It should be noted that in the frameworks in FIG. 2A to FIG. 2D, the AI model may be referred to as a model for short, and may be considered as a mapping from an input measurement quantity (measurement information) to an output parameter. The input measurement quantity may be one or more measurement quantities, and the output parameter may be one or more parameters. The training data may include a known input measurement quantity, or include a known input measurement quantity and a corresponding output parameter, and is used to train the AI model. The training data may be data from the base station, a CU, a CU-CP, a CU-UP, a DU, a radio frequency module, the UE, and/or another entity, and/or data obtained through inference by using the AI technology. This is not limited. The inference data includes an input measurement quantity, and is used to infer a parameter based on the model. The inference data may be data from the base station, the CU, the CU-CP, the CU-UP, the DU, the radio frequency module, the UE, and/or another entity. An inferred parameter may be considered as policy information and sent to an object of action. The inferred parameter may be sent to the base station, the CU, the CU-CP, the CU-UP, the DU, the radio frequency module, the UE, or the like, to perform the policy configuration or policy adjustment. AI models used to infer different parameters may be the same or different. This is not limited.

It may be understood that in embodiments of this application, the UE and/or the base station may perform some or all of the steps in embodiments of this application. These steps or operations are merely examples. In embodiments of this application, other operations or variations of various operations may be further performed. In addition, the steps may be performed in a sequence different from a sequence presented in embodiments of this application, and not all the operations in embodiments of this application may be performed.

In various embodiments of this application, unless otherwise stated or there is a logic conflict, terms and/or descriptions in different embodiments are consistent and may be mutually referenced, and technical features in different embodiments may be combined based on an internal logical relationship thereof, to form a new embodiment.

As shown in FIG. 3, a process of a communication method is provided in this embodiment of this application, and includes at least the following steps.

Step 300: A source base station determines a first inference result.

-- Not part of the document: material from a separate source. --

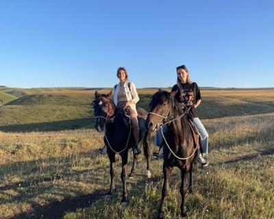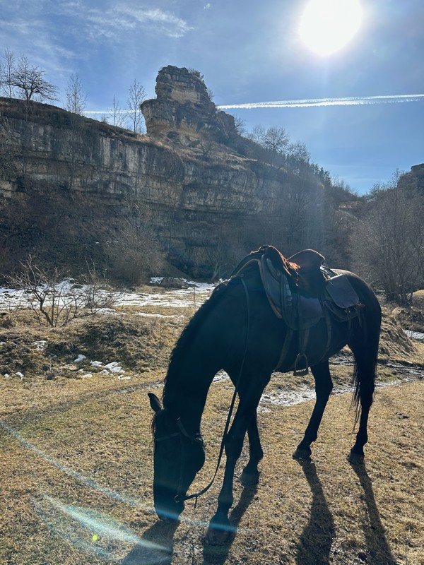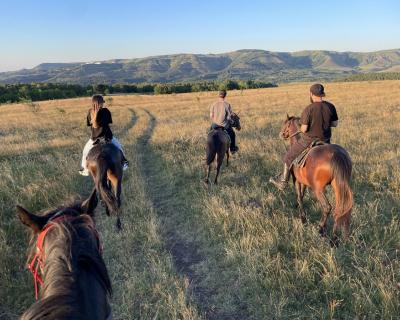 Приглашаем прокатиться верхом по литературным и историческим местам в Кисловодске. Мы проедем по небольшому посёлку, наслаждаясь видами гор, ущелья и реки Ольховки, и увидим ту самую скалу, которую описал Лермонтов в романе «Герой нашего времени». А ещё по желанию устроим дружеские соревнования: вы сможете попробовать рысь и галоп и найдёте настоящую ферму, где пасутся лошади, коровы, козы и барашки.

The first inference result is also referred to as an AI inference result, a first AI inference result, or another name. This is not limited.

In a design, an AI model is deployed in the source base station. For the AI model, refer to descriptions in FIG. 2A, FIG. 2C, or FIG. 2D. The source base station may perform AI inference based on the AI model, to obtain the first inference result. For example, the source base station may use at least one of the following as an input of the AI model, for example, historical track information of UE, historical camping information of the UE, a current movement direction of the UE, a speed of the UE, information about a network to which the UE subscribes (for example, China Telecom, China Unicom, or China Mobile), or a service requirement of the UE, to input into the AI model. An output of an AI model is the first inference result.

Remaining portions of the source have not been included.